New Zealand is turning the tide on the production and use of plastic to help clean up the oceans.
Plastic washed up on a West Coast beach after Cyclone Fehi earlier this year Photo: Facebook / Tony Kokshoorn
Associate environment minister Eugenie Sage yesterday signed the United Nations' CleanSeas campaign pledge, making New Zealand the 42nd country to do so after the campaign's launch in February last year.
The pledge requires signatories to significantly reduce the production and use of non-recyclable and single-use plastic by 2022.
Some scientists estimate that if nothing is done, by 2050 the plastic in the oceans will weigh more than all the fish that live in them.

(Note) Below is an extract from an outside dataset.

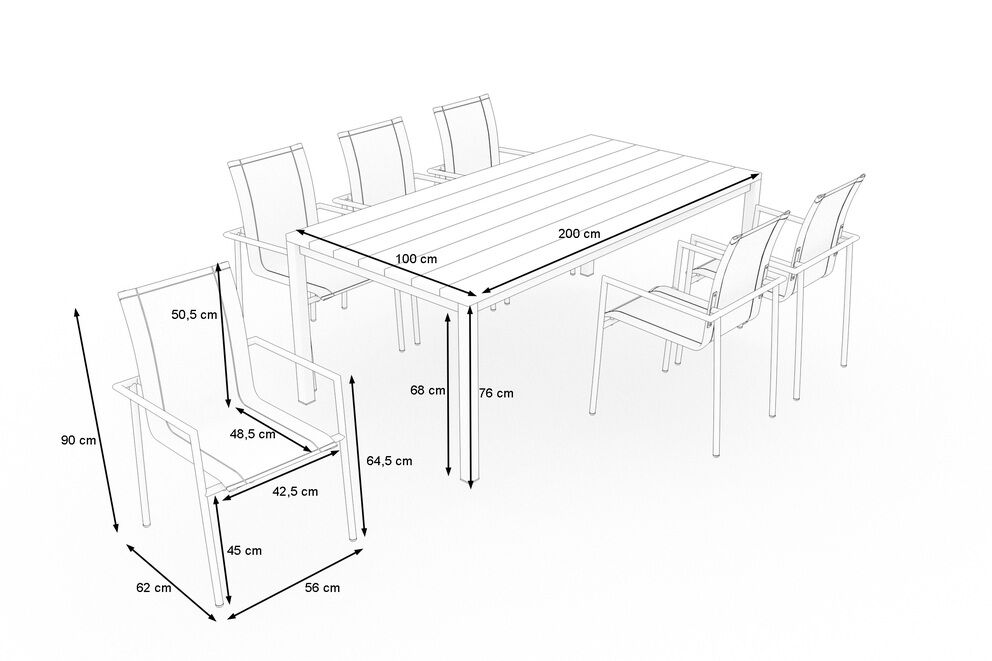 Diese Essgruppe ist ideal für Familienessen, Grillabende oder einfach entspannte Stunden im Freien. Mit ihrem modernen und dennoch zeitlosen Design fügt sie sich harmonisch in jede Garten- oder Terrasseneinrichtung ein. Die klaren Linien und die hochwertige Verarbeitung machen diese Garten-Essgruppe zu einem wahren Blickfang in Ihrem Außenbereich.

"It's New Zealand putting its hand up ... to be part of the solution, not the problem," Ms Sage said.
"With a new government, we are committed to significantly reducing waste by 2020."
She wanted businesses to help change people's behaviour so single-use items, like plastic bags, were not the norm.
"Instead of taking from nature, using it and throwing it away, we [need to] form a circle. Things that we need from nature we use and we reuse, moving away from that throwaway culture."
The government has banned plastic microbeads from June this year, she said.
"We're [also] looking at better implementation of the Waste Minimisation Act [and] extending the landfill levy so there's more funds available for progressive businesses and councils to reduce waste."
Officials were also investigating how to get rid of single-use plastic bags.
General manager of packaging company Cas-Pak, Yvette Toopi, said her company produced a lot of packaging that did not break down because it needed to protect the food inside it.
However, customers were asking for more recyclable, compostable and biodegradable products and Cas-Pak was working with other packaging companies to find new ways to recycle products, she said.